Laremore v. Comm'r

2014 T.C. Summary Opinion 94, 2014 Tax Ct. Summary LEXIS 96
CourtUnited States Tax Court
DecidedSeptember 18, 2014
DocketDocket No. 15737-12S.
StatusUnpublished

This text of 2014 T.C. Summary Opinion 94 (Laremore v. Comm'r) is published on Counsel Stack Legal Research, covering United States Tax Court primary law. Counsel Stack provides free access to over 12 million legal documents including statutes, case law, regulations, and constitutions.

Bluebook
Laremore v. Comm'r, 2014 T.C. Summary Opinion 94, 2014 Tax Ct. Summary LEXIS 96 (tax 2014).

Opinion

KENNETH RUSSELL LAREMORE, Petitioner v. COMMISSIONER OF INTERNAL REVENUE, Respondent
Laremore v. Comm'r
Docket No. 15737-12S.
United States Tax Court
T.C. Summary Opinion 2014-94; 2014 Tax Ct. Summary LEXIS 96;
September 18, 2014, Filed

PURSUANT TO INTERNAL REVENUE CODE SECTION 7463(b), THIS OPINION MAY NOT BE TREATED AS PRECEDENT FOR ANY OTHER CASE.

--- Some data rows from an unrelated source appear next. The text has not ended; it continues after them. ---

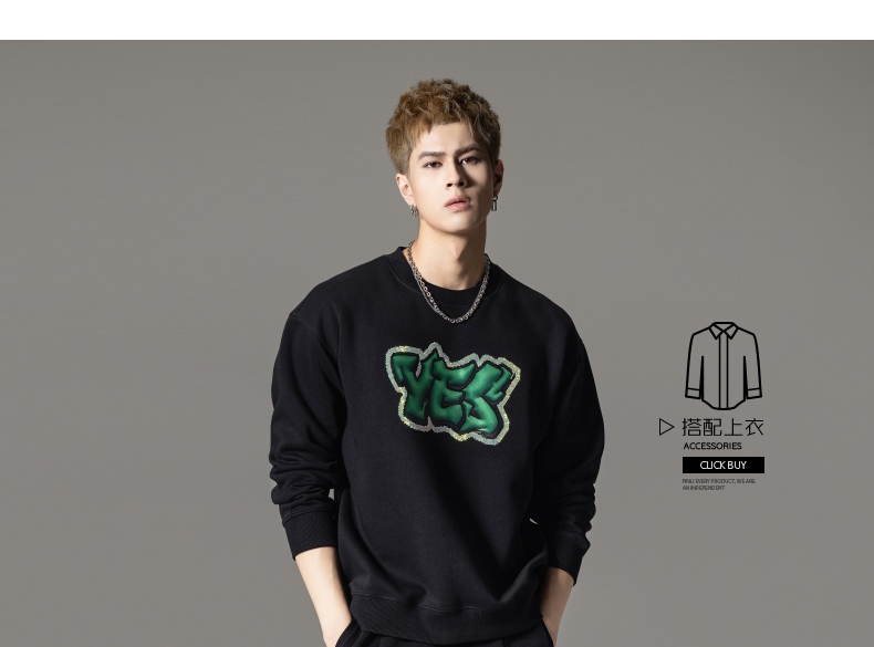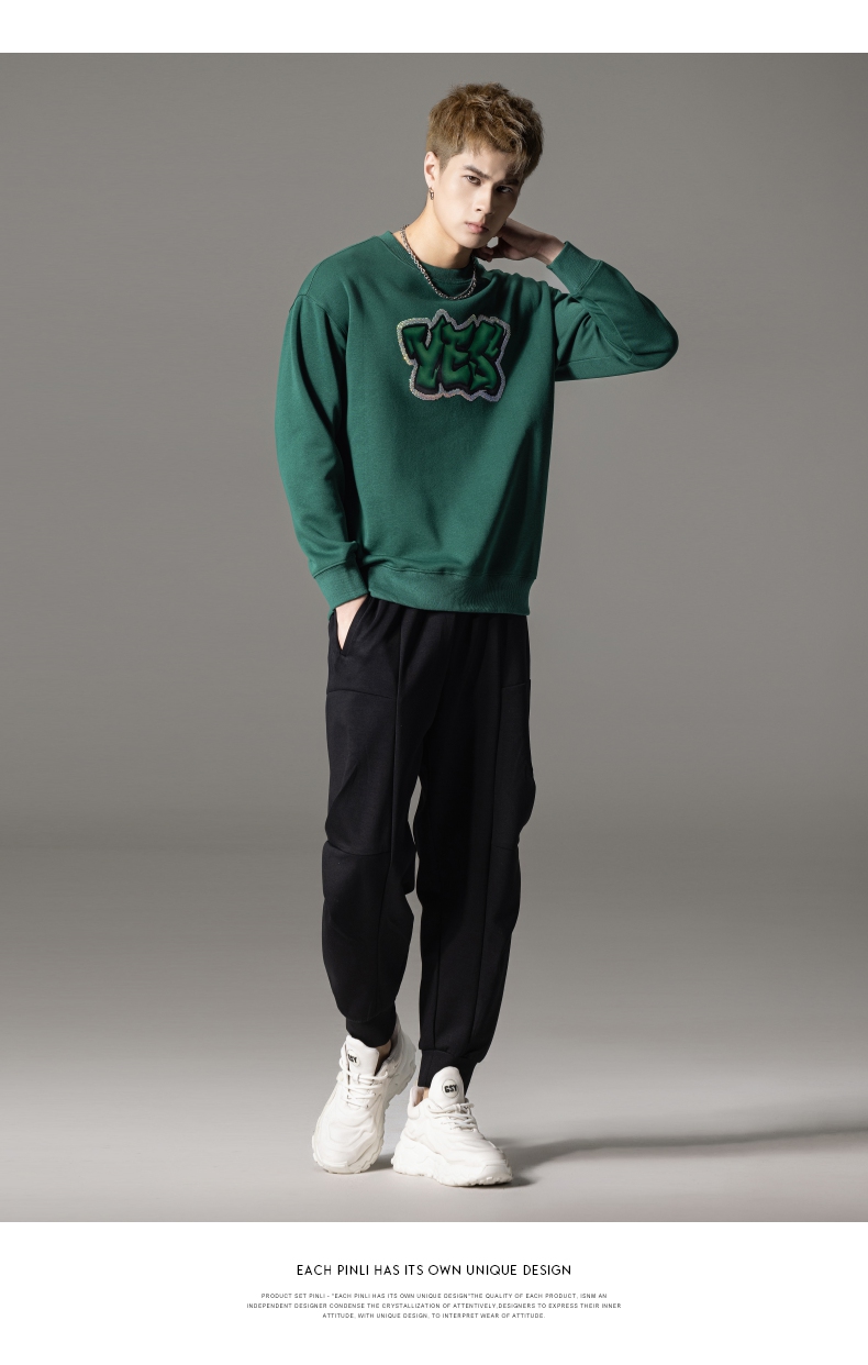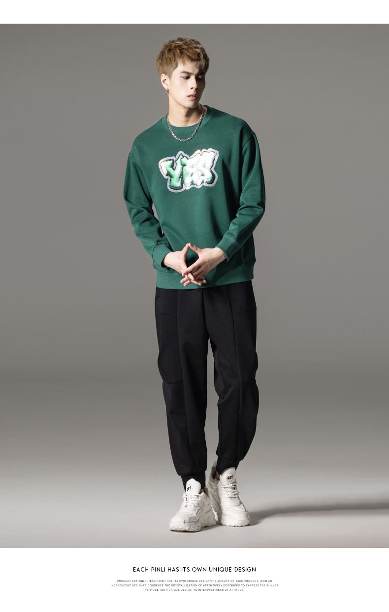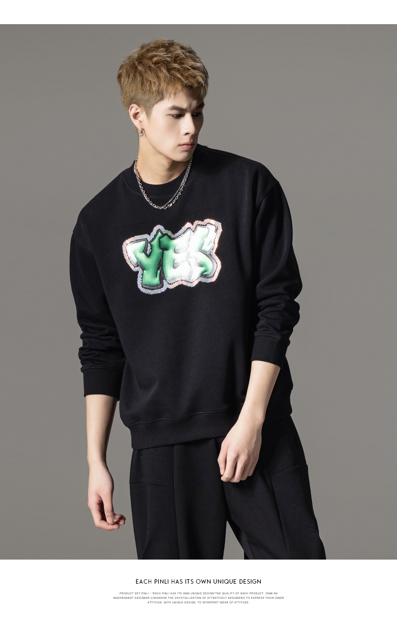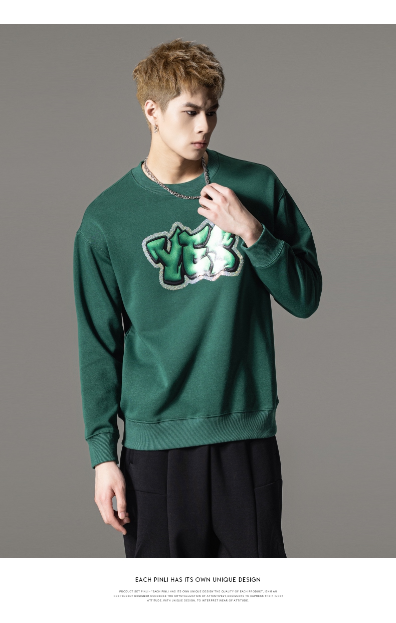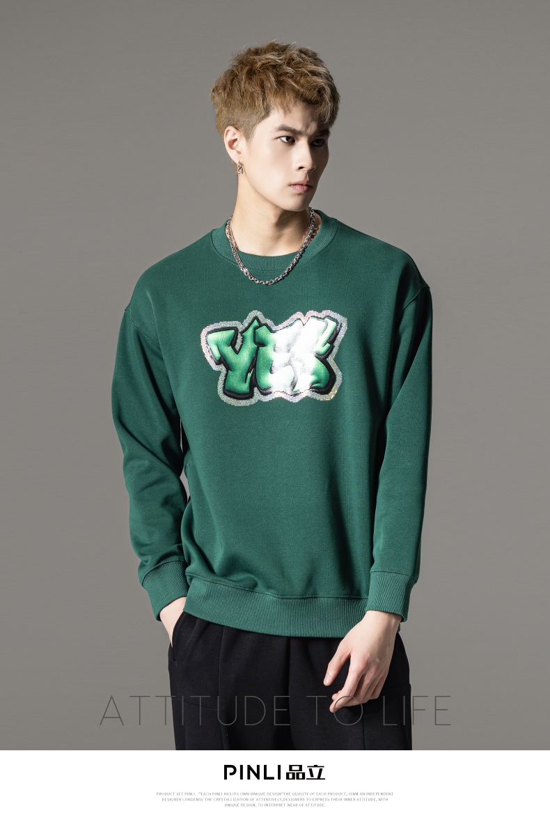 PINLI品立秋冬新款字母印花套头卫衣潮男休闲上衣BG233109042
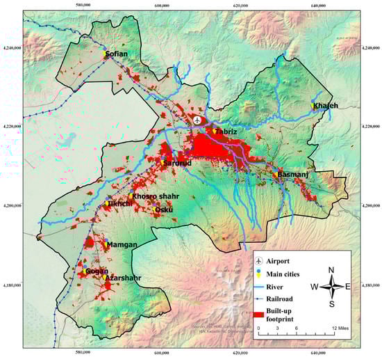 Iran’s major urban areas have kept pace with the rapid urbanisation and population increase seen in other emerging nations during the last few decades [16,17]. Population growth outpacing the expansion of available resources is always going to lead to this outcome [17]. The population, on the one hand, has grown substantially during the last decade [18]. In contrast, most of the land is uninhabitable because of things like arid deserts and towering mountains [19]. Due to climate change, Iran has also been experiencing drought and diminished water availability [20,21]. All of these factors have contributed to the growth of existing megacities and the emergence of new ones in various parts of the nation [18,22]. Tabriz metropolitan area (TMA) is undergoing fast and expanding urbanisation, much like the other major cities [21] in Iran [17]. Extensive land-use changes and consequent environmental and social challenges [17,21,22] are being brought on by the growth and spread of industrial hubs throughout the metropolitan and periphery areas, as well as the development of industrial towns and small scattered enterprises. In addition, the drying up of Urmia Lake in the region presents significant environmental and social challenges to the future sustainable development of TMA [23,24,25].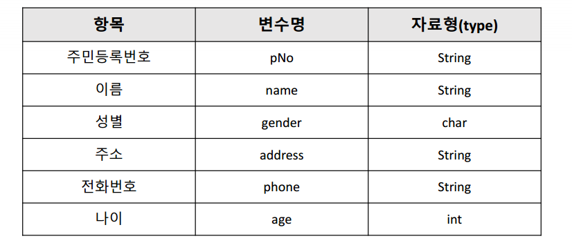회원관리 프로그램을 만든다고 가정해보자. 위 표와 같이 회원정보에 필요한 항목들을 정리하고 해당 항목의 변수와 자료형을 정하여 추상화 결과물을 도출해 낼 수 있다. 이렇게 추상화한 결과를 토대로 우리는 프로그래밍 언어를 사용해서 각 데이터를 저장할 수 있는 저장소를 선언 및 사용할 수 있다.

Decision will be entered for respondent.

*96 Kenneth Russell Laremore, for himself.
Edward J. Laubach, Jr., for respondent.
GUSTAFSON, Judge.

GUSTAFSON
SUMMARY OPINION

GUSTAFSON, Judge: This case was heard pursuant to the provisions of section 74631 in effect when the petition was filed. Pursuant to section 7463(b), the decision to be entered is not reviewable by any other court, and this opinion shall not be treated as precedent for any other case.

The Internal Revenue Service ("IRS") determined a deficiency of $12,448 in the 2009 Federal income tax of petitioner Kenneth Laremore. The issue for decision is whether Mr. Laremore may deduct as alimony $48,921 that he paid to his former spouse during 2009 in satisfaction of a judgment. We hold that he may not, because his obligation under the divorce instrument would not have terminated upon his ex-wife's death, for purposes of section 71(b)(1)(D).

FINDINGS OF FACT

The parties submitted this issue fully stipulated pursuant to Rule 122, reflecting their*97 agreement that the relevant facts could be presented without a trial. The stipulation of facts filed December 3, 2013, and the attached exhibits are incorporated herein by this reference. Mr. Laremore resided in Pennsylvania at the time he filed his petition.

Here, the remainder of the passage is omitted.